Just to recollect the history of FPE it goes back to 1974 and later in 1979 when the Kenya Government launched the initiative.
That initiative was a new dawn for both parents and children.
The FPE initiative had innumerable challenges and collapsed only to be revived by NARK government in 2002 which was their campaign pledge for voters. In that case therefore, in January 2003 President Mwai Kibaki reintroduced the Free Primary Education.
The mystery still lingers, how free is free? It has been in many occasions when the parents have received their children back in their houses. It is for a fact that children have been taken back home asserting they have been sent to collect activity fee. The parents are required to pay the activity fee yearly pausing a question whether the government has exempted it? It is also comic that parents are required to pay other funds which amounts to a lot of money yearly. The schools which are understaffed employ teachers who are paid by the PTA that leading to emergence of PTA money. I also actualized that, a student who is a new comer is required to pay desk fee and admission fee. The same student is also required to pay money for interview which gives a hint the academic level of the learner.
In addition, there are schools where parents are required to pay other school bills like electricity which administrators allege it caters for cost of pumping water. Schools which are fortunate to have computers parents are required to pay computer fee and in other situations parents expected to buy photocopier papers. In most of Public Schools there are days where children are supposed to put on P.E kits uniform which is sold in the school store. These uniforms are overpriced. As that is not enough parents also pay report book money so as to access their children’s examination results.
And it will be imprecise to overlook the monthly examination fee. The examination is done monthly and in other occasions after a fortnight. If a child fails to pay that money he/she is not allowed in school premises leave alone the classroom. The parents are also asked to contribute money to pay the school watchman or the cook if there is a feeding program. Now the tuition issue that makes the Education Cabinet Secretary want to spit up. His directives have always fallen on deaf ears because children still pay money for remedial class.

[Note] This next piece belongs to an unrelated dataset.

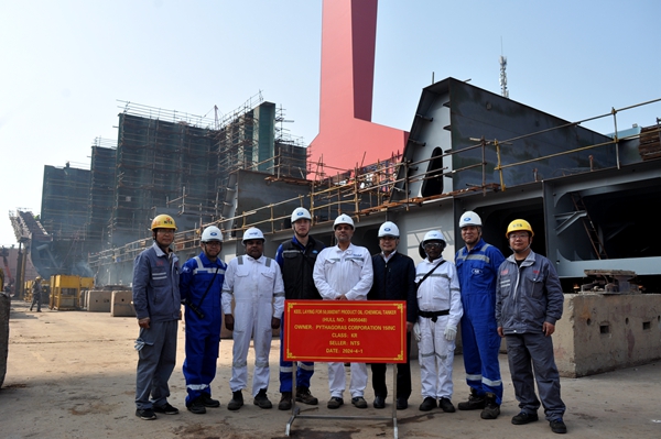 生產(chǎn)管理部、質(zhì)量部、營銷部等部門負責人與英國船東Navig8的現(xiàn)場副經(jīng)理Sunil Kumar團隊等一起出席活動。

Apart from wanting to really know what ‘free’ means in free Primary Education Policy, the initiative in question has faced many challenges. The increased enrollment in schools is demanding increment of physical facilities. The classes are crowded and the classroom teachers have to handle more than one hundred children in one classroom. The government should not leave the school administrators to go to bed having a disturbing migraine wondering where to place the children.
I wish ‘free’ would be free or alternatively have the word attached to another connotation altogether. Children from badly off families are not getting full access to their rights of education. If the government claims to be committed to providing Free Primary Education to Public Primary Schools, then it should be unconditionally free. The Cabinet Secretary of Education Jacob Kaimenyi put it incontrovertible that the government will be paying the National Examination fee for children in Public Schools. With that said, I reckon the government should take possession of full responsibility to pay all the examination money for children from lower primary to secondary school.
Let the parents be spared from the pressure of paying fees having in mind that many children in Public Schools come from poverty-stricken families. My esteemed government, it is a heyday for Kenyan children.